I went with the bigger ones because of the scale of this place. The land, the barn—I was afraid the twenty-footers would look like lollipops.”

  My mind wandered to the added cost of these giants, but deemed them worthy.

  “Just think how much grander they’ll be in ten more years,” Scott mused, characteristically comfortable with delayed gratification and long-term investment.

  But I knew he was pleased. Wealth has its privileges, as the old advertisement said, this time in the form of mature trees. We had long since stopped trying to contain all the “requirements” into some kind of meaningful budget. The overruns serially exceeded our re-padded projections, but so had the transformation. Our deepening satisfaction was such that, dangerously, we felt compelled to tack on whatever marginally made sense. Like kids in a candy store, the addicting sugar fueling a reckless overdrive, we simply couldn’t get enough. At least I couldn’t, and more restrained Scott was not enough of a killjoy to rein me in. And I knew the added touches satisfied such that even if Scott never climbed aboard a horse, he would enjoy this farm.
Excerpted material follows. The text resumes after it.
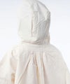 フード回りと裾に入れた太めの紐がコーディネイトのポイントに◎
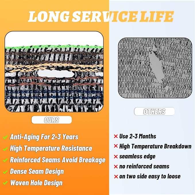 - 【Special Woven Hole Design】Made with new high density polyethylene (HDPE) material which Provides extra convenience for installation, garden shade cloth can block 40% of the sun and provide UV protection.

  On one hand, I newly appreciated his generosity of spirit even though the Weatogue Stables business model of personal indulgence and land conservancy didn’t fit his hard-headed capitalistic parameters. On the other, we both worried about what it messaged the kids. Regularly, we tried to keep ourselves and our kids thankful for Scott’s business acumen that affords us an exciting NYC life and a refuge in bucolic Salisbury. Scott and I remember that money doesn’t grow on trees having come from little, but our kids have only ever known prosperity. They can’t help but take a lot for granted. We understand, but it pains us, more so since we can’t resist the fruits of his labor—nice homes, pricey vacations, horses and a farm we don’t have to kill ourselves working. Is personal philanthropy and talking them to death about the harder roads of others on our own block and around the globe enough or are our kids lost to Mammon devoid of their own bootstraps?